On the Pleasures of Receiving a Cassette in the Mail

True story: If you send me a cassette tape, I will totally listen to it. This is because 1) I have a working cassette deck at home; and 2) guess how often I get to use it?

So I was pretty happy to get this demo cassette from D.C.'s Black Telephone yesterday. I was also pretty happy with what's on it: stripped-down, nostalgic indie pop with lots of fuzz -- although not as much fuzz as the classic, similarly named D.C. pop outfit Black Tambourine. Homage? Sure.

In indie circles -- including some very mainstream indie circles -- limited-run cassette releases have been on the rise in recent years, as Pitchfork's Marc Hogan wrote in an excellent essay last February.

Bands in D.C. are in on it, too. In 2008, The Cassettes ended a career-long string of CD/LP releases and finally put out, yup, a cassette. Speaking with City Paper's Casey Rae-Hunter, the band's frontman Shelby Cinca said:

We were hassled quite a bit for years at the merch table by snarky individuals asking why we didn’t have cassettes for sale. So we figured it was time to do that. Plus, we feel like it’s a much better cultural object than a boring CD that ends up in a closet after being ripped to a MacBook or [is] used as a coaster for a soy latte.

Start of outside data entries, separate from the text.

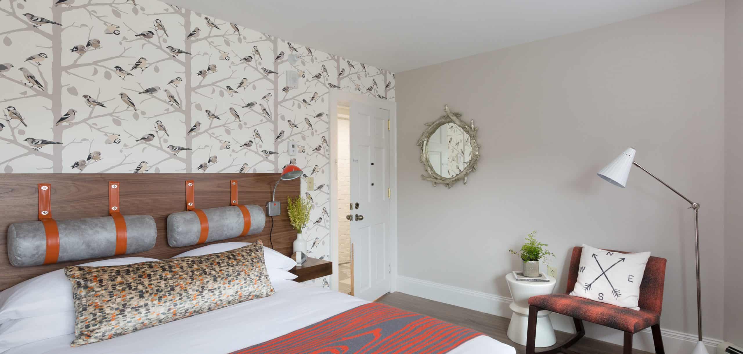 Ski, bike, hike, shop or just enjoy the beautiful Green Mountain scenery while staying at our Stowe, Vermont hotel; Field Guide Lodge is an unexpected and delightful starting point for exploring Stowe in any season. Centrally located in the heart of downtown Stowe and a short drive from Mount Mansfield, Field Guide's rooms and suites in the Lodge and Trail House offer year-round accommodations perfect for an intimate escape, a friends’ weekend, or a family get-together.
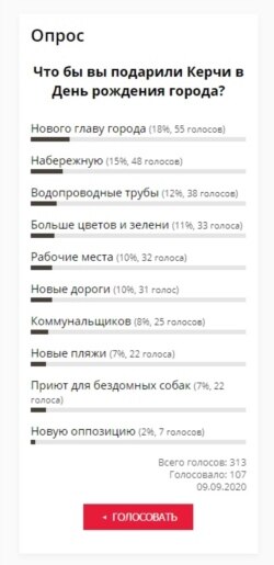 Ответ на проведенный одним из местных сайтов опрос о лучшем подарке ко Дню города, был предсказуем и ожидаем, как летняя жара. Керчане хотели бы видеть не только красивую набережную и отлаженную коммунальную и дорожную инфраструктуру – они жаждут смены местной власти, от председателя горсовета и главы администрации, до депутатского корпуса. Особенно – тех, кто беззастенчиво торгует лицом по каждому поводу.
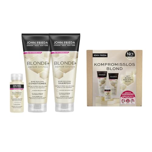 John Frieda Blonde Repair System Förmånsset – Innehåll: Förschampo Behandling, 100 ml, schampo, 250 ml, balsam, 250 ml – Inkluderar gratis MegRhythm ögonmask – Med Bond Building Plex
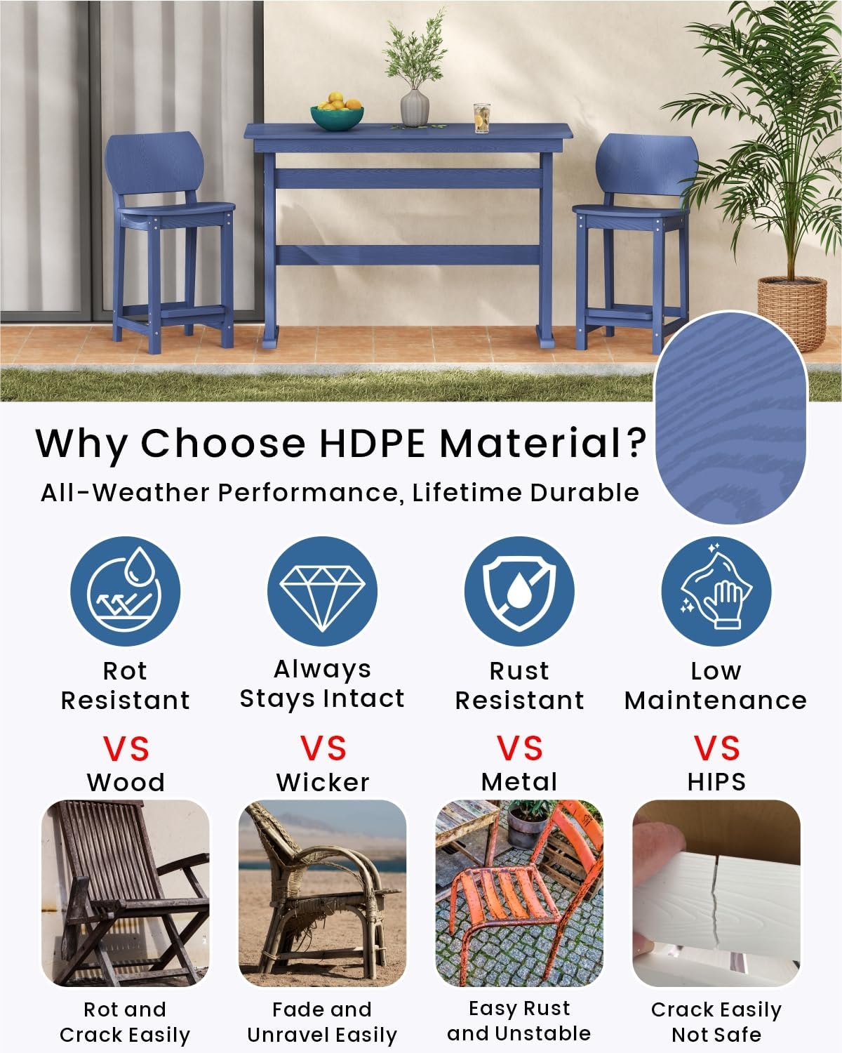 - Weatherproof: Constructed from HDPE—a robust, durable polymer—this set outperforms traditional wood, metal and wicker. It resists splintering, cracking, peeling, rotting, and rusting, making it the ideal choice for outdoor furniture that endures the elements.
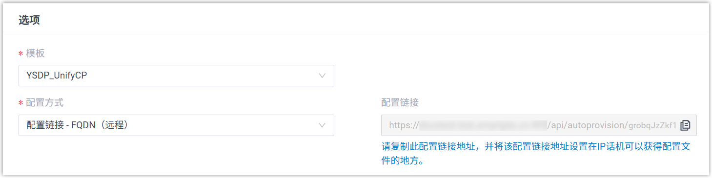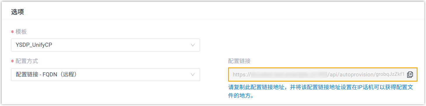 配置链接 字段中显示一个配置链接,指向话机配置文件所存储的位置。
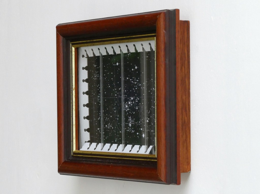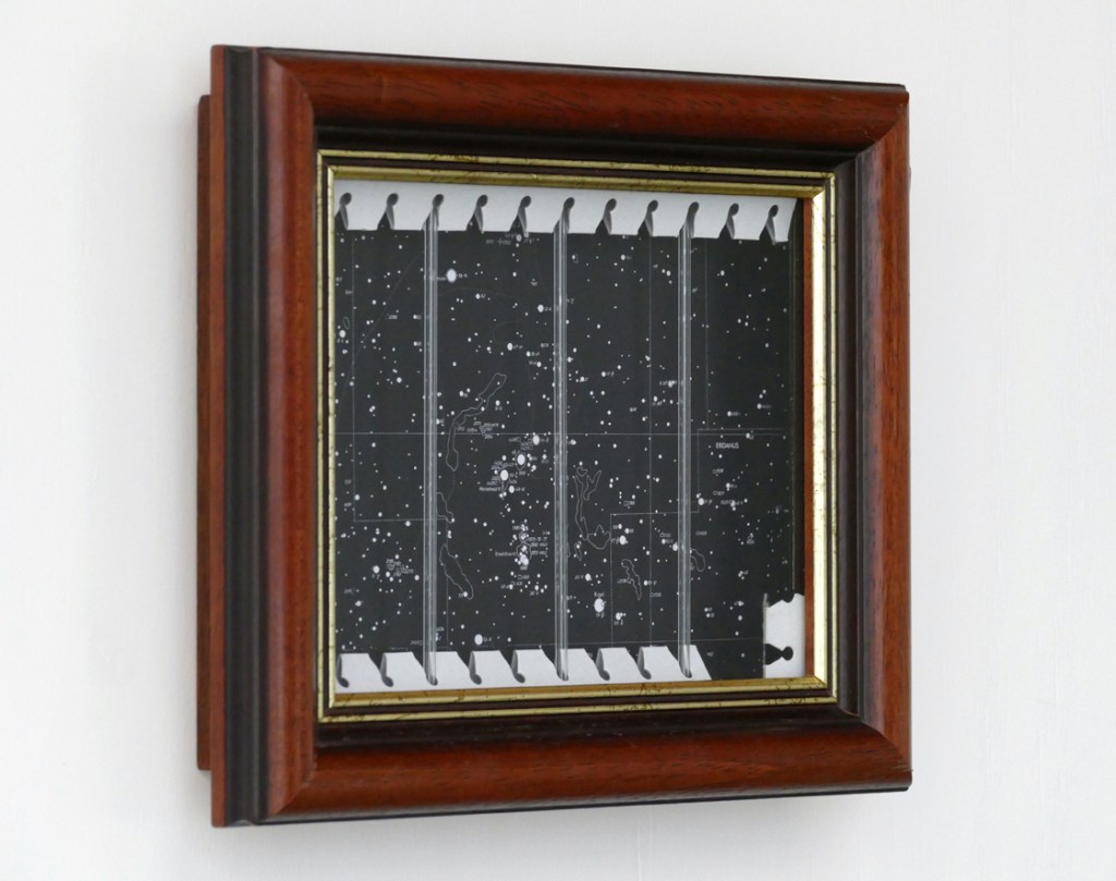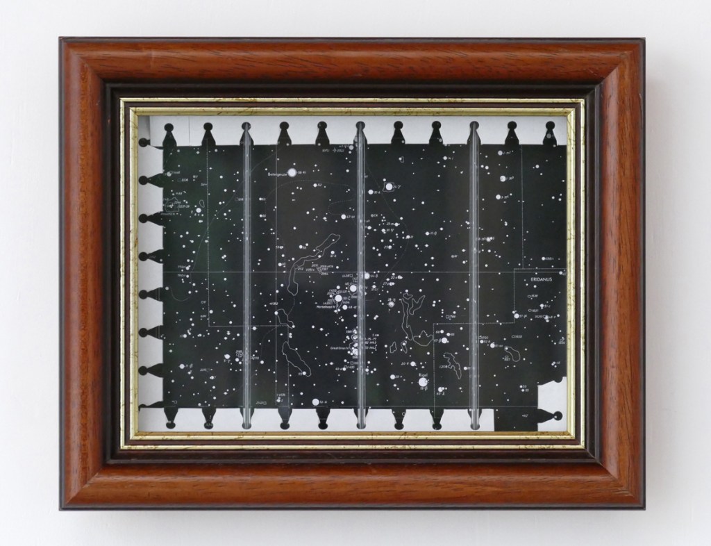 ‘Hotel de l’Univers (The Mental Gate is Unlocked)’ – 2022, paper, starmap, glass tubes, float glass, frame, 25,3 x 31,3 x 5,5 cm.

The Cassettes' Countach tape came with a few things -- a toy car, for example, and a plastic horse. And, naturally: An mp3 download card. The Black Telephone tape also points to the band's site, where you can grab the four songs for free.

Maryland's Fan Death Records also releases cassettes, including recent ones from D.C. bands Screen Vinyl Image and Bodycop. The label's Sean Gray even has a new, cassette-only imprint for "avant/fringe stuff" called 2,632 Tapes, which over the next year will put out releases by D.C.'s Phonic Riot, Gray's project Détruire Voile, and others. The imprint will release six tapes in 2011, in 100-copy runs.

The Cassettes' Cinca used to play in Frodus, which released one cassette-only album in the '90s. If you search the Dischord online store for cassettes, you'll find a ton of stuff from that label and others, though it's mostly from the age when labels regularly sold tapes.

What other D.C. bands have released worthwhile cassettes in recent years? My tape deck is lonely.